Dhadak Has No Pulse!
2 stars
Mini Review:
A vanilla remake of the hard-hitting Marathi film Sairat,
Dhadak is just an overly long story about a runaway couple.
While Sairat was raw and gritty, the caste divide between
the lovers very obvious and cruel, here it gets a makeover.
The first half has a romance made tolerable because of the
lad Ishaan Khattar, but the second half is like the girl (Janhvi
Kapoor) annoying and unable to get out of a scene intact.
Main Review:
How delightful is the boy Ishaan Khattar! You saw him shine in
Majid Majidi’s disastrous Bombay story, Beyond The Clouds, and
now here. He is Madhukar here, and we are told by his dad, ‘Stay
away from the girl… They are of different caste… You will be in
trouble…’
The girl is Parthavi, the local politician's daughter sassy and pretty.

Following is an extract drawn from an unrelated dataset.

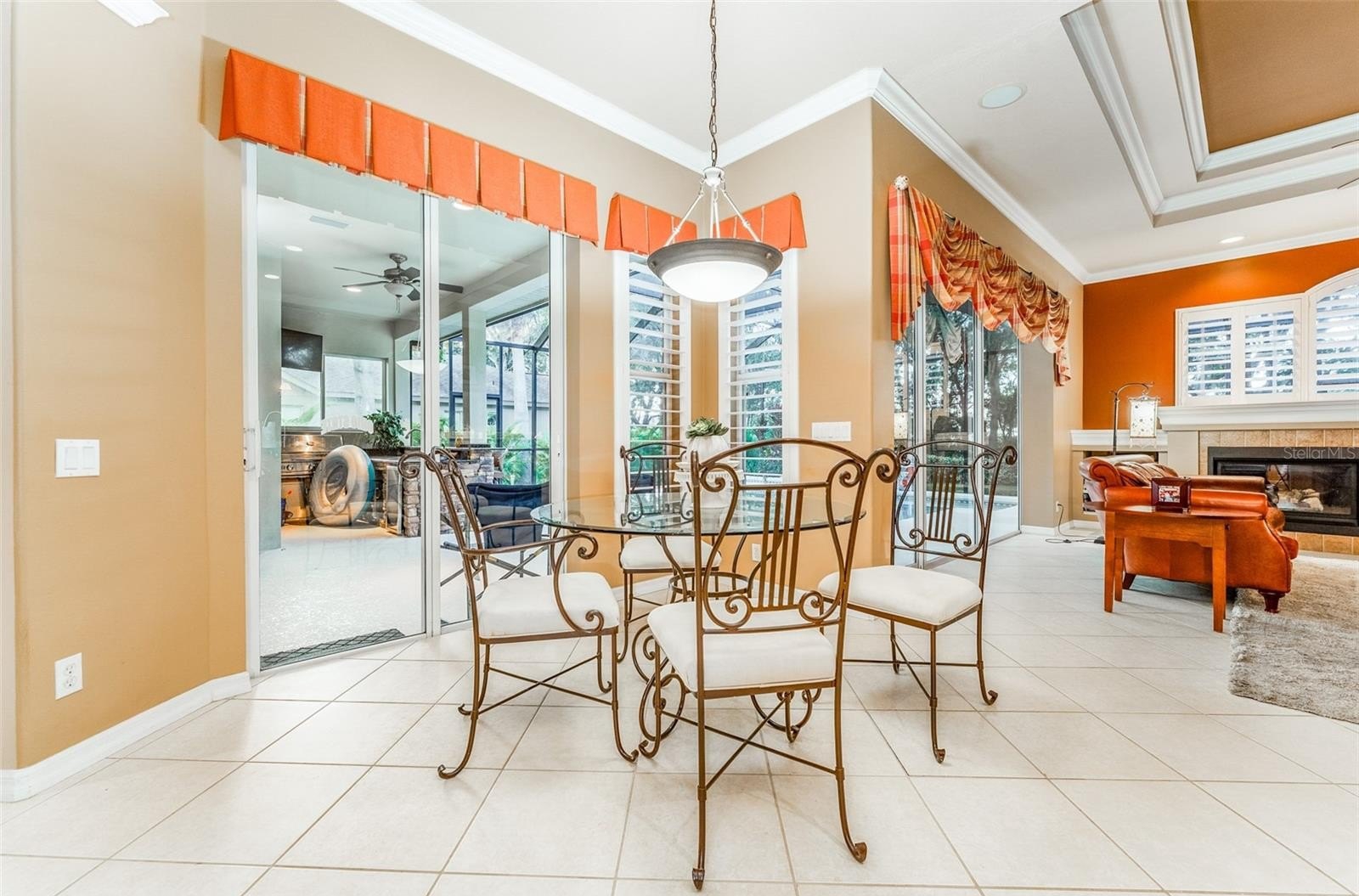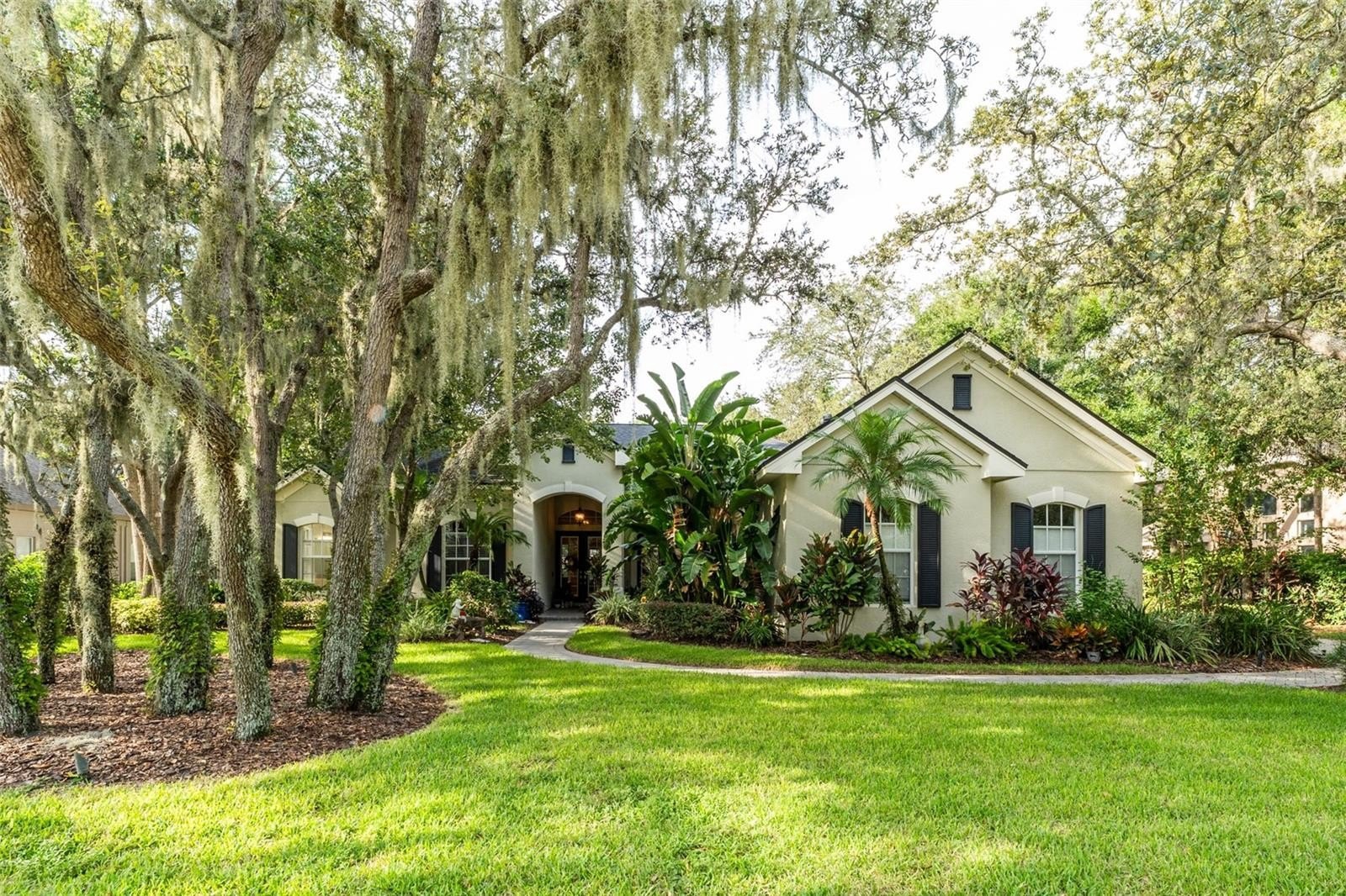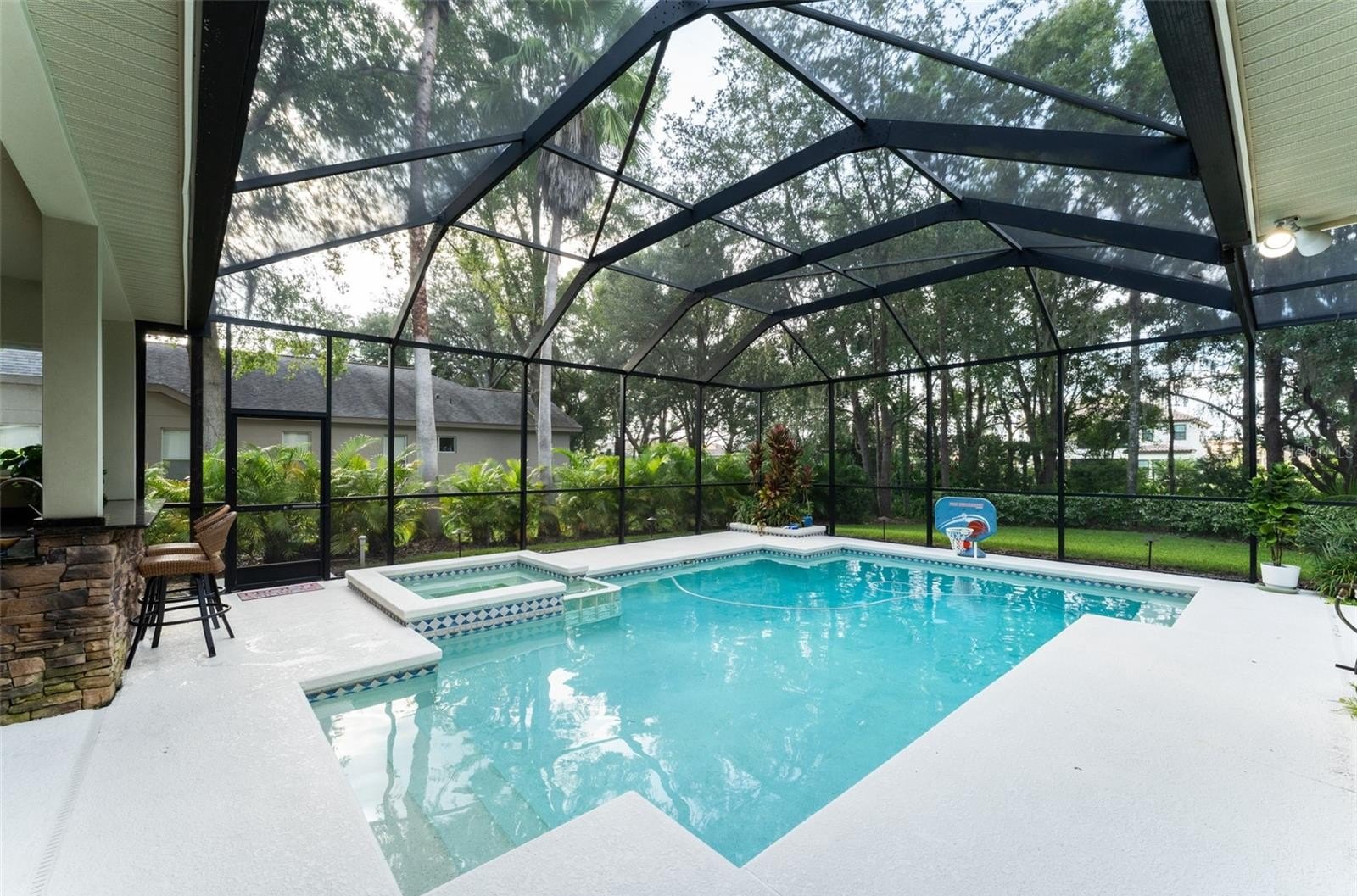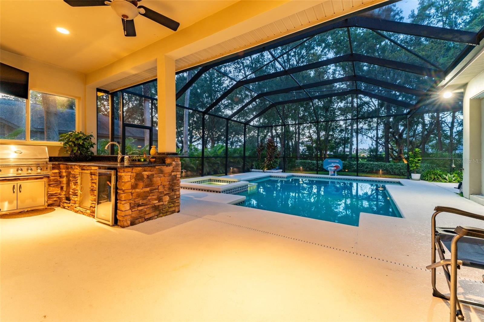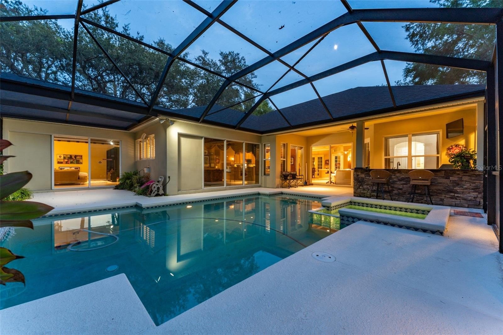 This wonderful Arthur Rutenberg home in the Gated Community of Fish Hawk Trails provides everything you have been looking for & more!! As you approach the home, you will notice the lush landscaping and pavered walkway to the front entrance with a large covered porch that is perfect for enjoying your morning coffee. Enter through double glass doors into an open concept floorplan with an abundance of elegant architectural detail on the ceilings & walls throughout all main living areas. Step onto tile flooring laid on the diagonal that flows throughout the home with carpet in bedrooms & the office. At the front of the home you will find the formal living & dining areas with a spacious office with double glass french doors & a foyered grand entrance flanked with lighting sconces on each side. Continue farther into the heart of the home to the kitchen with abundant wood cabinetry & stone tops, spacious center island, bar seating, gas cooktop, double wall ovens, dishwasher, refrigerator, microwave, glass front cabinets for displaying your treasured pieces above the pass through to the formal dining area, under cabinet lighting & tile backsplash. The family room & eat in area are open to the kitchen featuring a gas fireplae with beautiful windows above & pocket sliders that fully open giving you views and access to the sparkling pool/spa & outdoor living area with an outdoor kitchen featuring a grill, sink & mini fridge. Get ready to spend countless hours in this wonderful haven. The primary suite is privately located on one side of the home with french door access to the outdoor space offering a spacious bedroom with two walk in closets with built in organizers & the light infused EnSuite Bath with walk in shower with decorative tile, dual vanities and soaking tub. There are two bedrooms with a bath in one wing of the home with the 4th bedroom located in a separate area with adjacent bath & large bonus room with a wall of windows that overlook the backyard & sliders to access the outdoor area. One of my favorite features of this home is the landscape lighting in both the front & back, terraced garden areas, brick paved & stone walkways that wind throughout the private & lushly landscaped backyard & backing to the neighborhood trails. This area will be one of your favorites too. Located in the highly sought after gate guarded (24/7) community of Fish Hawk Trails with large executive homesites, miles of trails, wide streets, tennis, basketball & pickleball courts, a community center all surrounded by nature & zoned for great schools. Other important features include A NEW ROOF (2024), newer HVAC's (2024 & 2020), plantation shutters, laundry room with washer & dryer that convey, utility sink, cabinetry & folding table, oversized 3 car garage with built in wood shelving & more. There is so much to love about this home so make sure to schedule an appointment to see it today!! You don't want this one to get away!!

She knows the lad has been following her around, and just like
Sairat (set in a small town in Maharashtra), this film too makes the
same mistake. Udaipur is a small town - usually hotbeds of gossip
and telltale folk - and yet no one reports the romance to the rich
dad, not even to curry favor.
Well, the songs by Ajay Atul are sweet but Rajasthani they are not.

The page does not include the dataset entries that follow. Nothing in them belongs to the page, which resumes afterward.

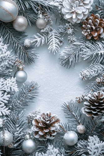 Christmas Wreath with Pine Cones and Ornaments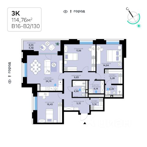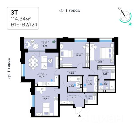 В продаже — трехкомнатная квартира с чистовой отделкой, общей площадью 111,62 кв. м. Квартира расположена на втором этаже тринадцатиэтажной секции дома класса Адвансд в новом районе СберСити, который строит Сбер. Дом находится на первой береговой линии Москвы-реки. Дом возводится по технологии монолитного строительства. Отделка фасадов выполнена из природного камня, глазурованной плитки и алюминия. В квартире проведены работы по улучшению шумоизоляции, установлены двухкамерные стеклопакеты с низкоэмиссионными стёклами, минимизирующими теплопотери. В санузлах — тёплый пол. В доме расположены: • уютное лобби, • лапомойка, • общественная терраса, • коворкинг для жителей, • собственная спортивная студия, • колясочная и велосипедная комната на первом этаже, • детская игровая комната, • подземный паркинг. СберСити — это новый жилой и деловой район на западе Москвы, в одном из самых экологически чистых и престижных мест столицы. Это первая в России и крупнейшая в мире инновационная городская среда, созданная по международным стандартам зелёного проектирования. Здесь внедряются решения в области энергоснабжения, вакуумного мусороудаления, тестирования зелёных технологий, а в дальнейшем — системы искусственного интеллекта для управления домами и городской инфраструктурой. Строительство проекта началось в 2021 году, заселение первых корпусов — с лета 2024-го. Общая площадь территории — 461 га, из них более 2,5 млн кв. м жилья и около 833 тыс. кв. м офисных пространств. Будет построено 7 школ, 13 детских садов и 2 поликлиники. В СберСити будут жить 65 тыс. человек и работать 70 тыс. Развитием территории занимается АО "Рублёво-Архангельское", входящее в группу Сбер. СберСити — место, где хочется жить, работать и растить детей. Переезжайте в СберСити!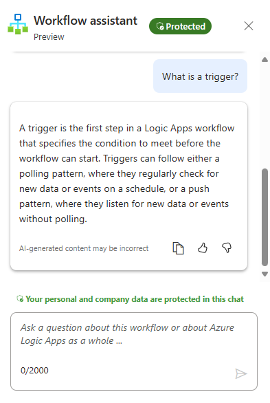 In the chat box, enter your question about the current workflow or about Azure Logic Apps.

The kids are caught kissing and are separated and beaten up and
the girl comes to the police station and at gunpoint drags the lad
away to freedom. Of course they have not thought about the
consequences.
Sairat really got gritty here, and took their penniless state to really
cringe-inducing levels where you could not pop a kernel of the
multiplex popcorn without feeling guilty. But these two runaways
find shelter immediately and then a way out. And yes, the awful
pointless reference to writer director Sachin Bhowmick is
unmissable. Did they not find a different Bengali name? Sachin
Bhowmick wrote way better characters than this film can count.

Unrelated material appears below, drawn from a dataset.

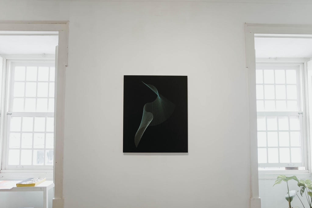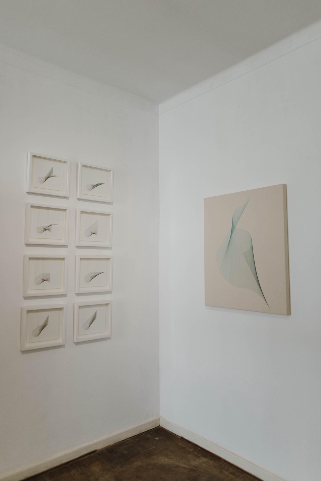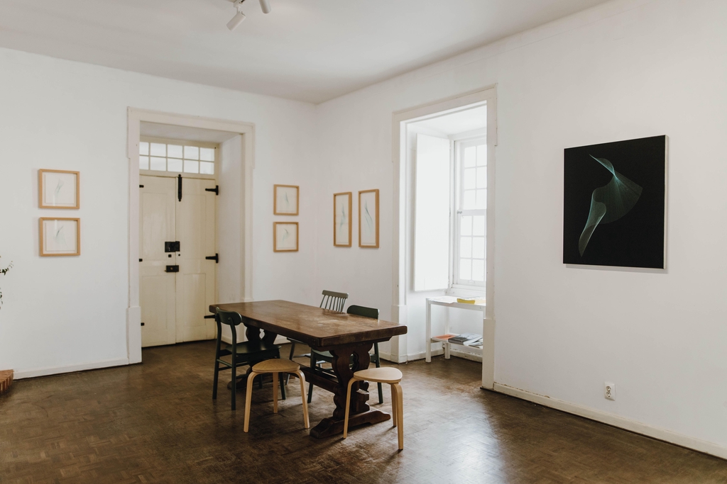 “Going beyond the limits of drawing, the thread and the needle are, for Catarina Rosa, a more concrete way of biting into the paper, and of inscribing the physical trace of her impulses, channeled in a constructed and poetic gesture. Constructed, because the artist follows precise rules, technical and compositional “constraints” that she assumes as creative pretexts; poetic, because playing with these same restrictions, she composes her own sensitive universe, in which the delicate forms reveal infinite perspectives and depth. In this recent series, the spiral motif, drawing ever different volutes, and potentially infinite, around a single central axis, appears to be a perfect “creative constraint”. Sensible metaphor of a perpetual motion, powerful but orderly, entropic but measured. Constant force that disperses and gathers, the spiral shapes this complex and necessary ambivalence, always at the center of Catarina Rosa’s work: on the one hand, the impetuous instinct that animates her will to create - like a “cyclic wave that involves [her] senses” - on the other hand, the desire for clarity, even “perfection”, which she entrusts to gesture’s rigor and geometry’s wisdom. Following the rhythm of her own breathing, Catarina Rosa alternately explores the centrifugal movement of the spiral (forms grow and open: inspiration, expansion, elevation) and their centripetal motus (they shrink and fold in on themselves: expiration, contraction, fall). The color, reduced to a fine range of greens, from the lightest to the deeper, sustains the range of motion, while underlining a certain transformative power. In this way, letting herself be carried away by the whirlwind of her spirals is, for the artist, a form to move forward and transform herself, as she “looks inward” and tries to “find her own center”. In fact, it is only through her successive windings that the spiral’s axis finally becomes visible and it is only in movement that equilibrium can be achieved. And by continuing to turn, we can move further away from the axis, as when the spiral splits on the same sheet and we observe, from the outside, the encounter between several dynamic universes, each one unique and singular. However, on the next turn, we may get so close that we can lose sight of the bigger picture, splitting the spiral into segments. Paradoxically, these “close ups”, still, instant images, in the simplistic order that rules the complex movement, threaten the very disappearance of the spiral, like a process, by definition, evolutionary. And yet these space-time fractions - however imperfect, incomplete and asymmetrical - seem to forever crystallize the profound beauty of the whole.”

They needed a vertically challenged Shridhar Watsar who plays the
comic relief Purushottam to ham it out in every scene. Even
Parthavi’s brother (in Sairat, he’s called Prince, even though his
actions are anything but) is a cardboard bad guy. Ashutosh Rana
gets to glare at the camera and his ‘badness’ is unmissable. I wish
they had thought the story through to really adapt to the setting
in Rajasthan.
The end is too long coming. And the iconic slapping scene in
Sairat shows us how poverty and helplessness can dehumanise
anyone and kill the storybook idea of romance, does not shock you
here at all. Anyone else in the lad’s place would have slapped the
boring heroine much earlier. You are relieved to leave the theatre,
hoping the young actress will sign up for acting lessons if she wants
to step into her mother’s shoes (she’s late Sridevi’s daughter). But
Ishaan shines, and you hope he gets better scripts than Dhadak.
There’s no heartbeat here, no pulse. Dhadak just flatlines.